STORED DATA:

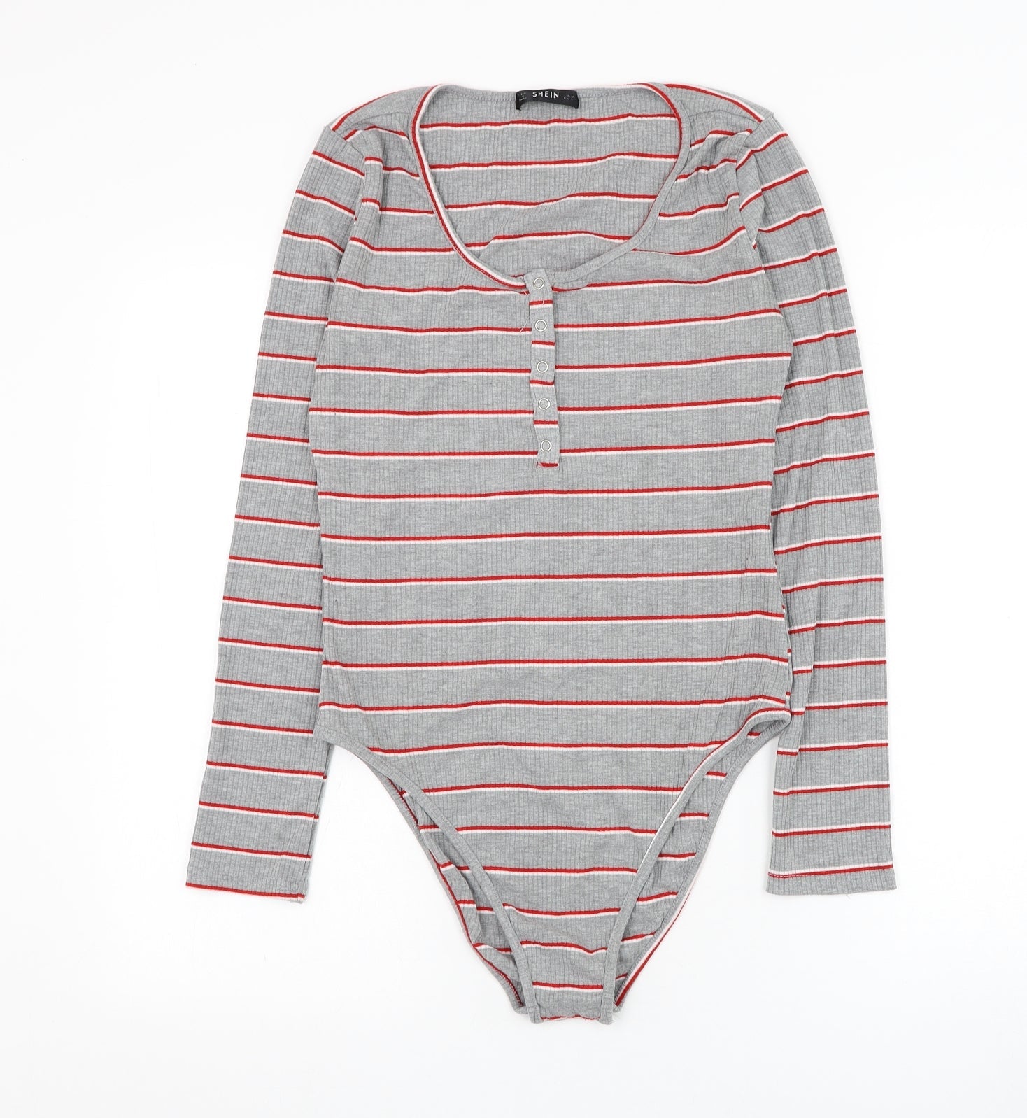 SheIn Womens Grey Striped Cotton Bodysuit One-Piece Size M Hook & Loop
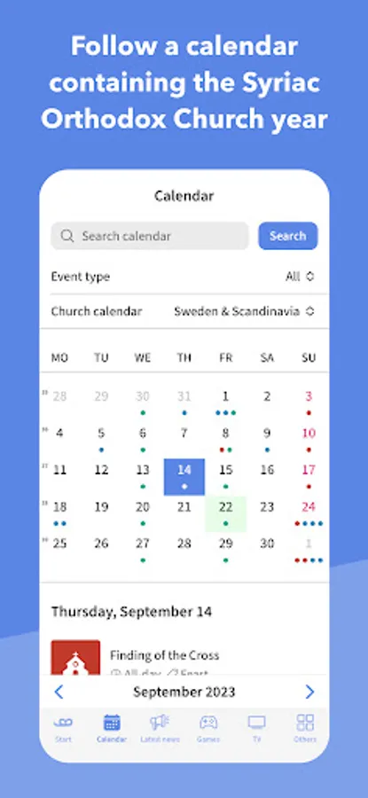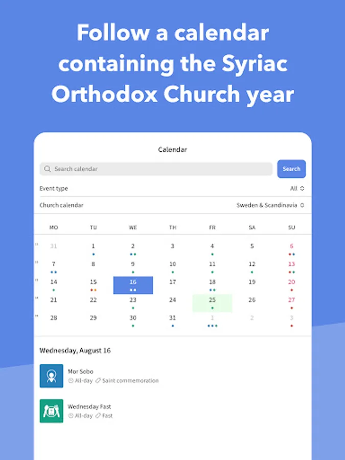 • A calendar containing the Syriac Orthodox Church year with all feasts, fasts, etc.
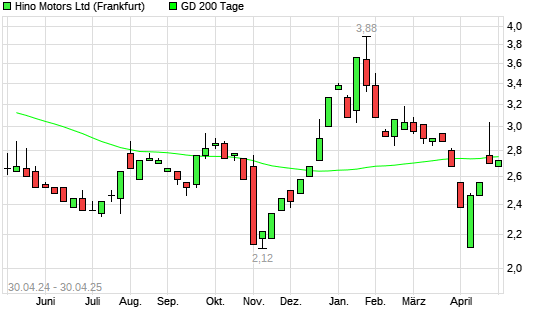 Mit dem Rücksetzer auf 2,70 EUR hat die Hino Motors-Aktie am 29.04.2025 die 200-Tage-Linie nach unten gekreuzt.

PROBLEM REQUIREMENTS:
Find the line containing "feasts, fasts, etc.", then extract it and every line after it to the end of the data above, exactly and nothing else, without pictures.

SOLUTION TO THIS PROBLEM:
 • A calendar containing the Syriac Orthodox Church year with all feasts, fasts, etc.
 Mit dem Rücksetzer auf 2,70 EUR hat die Hino Motors-Aktie am 29.04.2025 die 200-Tage-Linie nach unten gekreuzt.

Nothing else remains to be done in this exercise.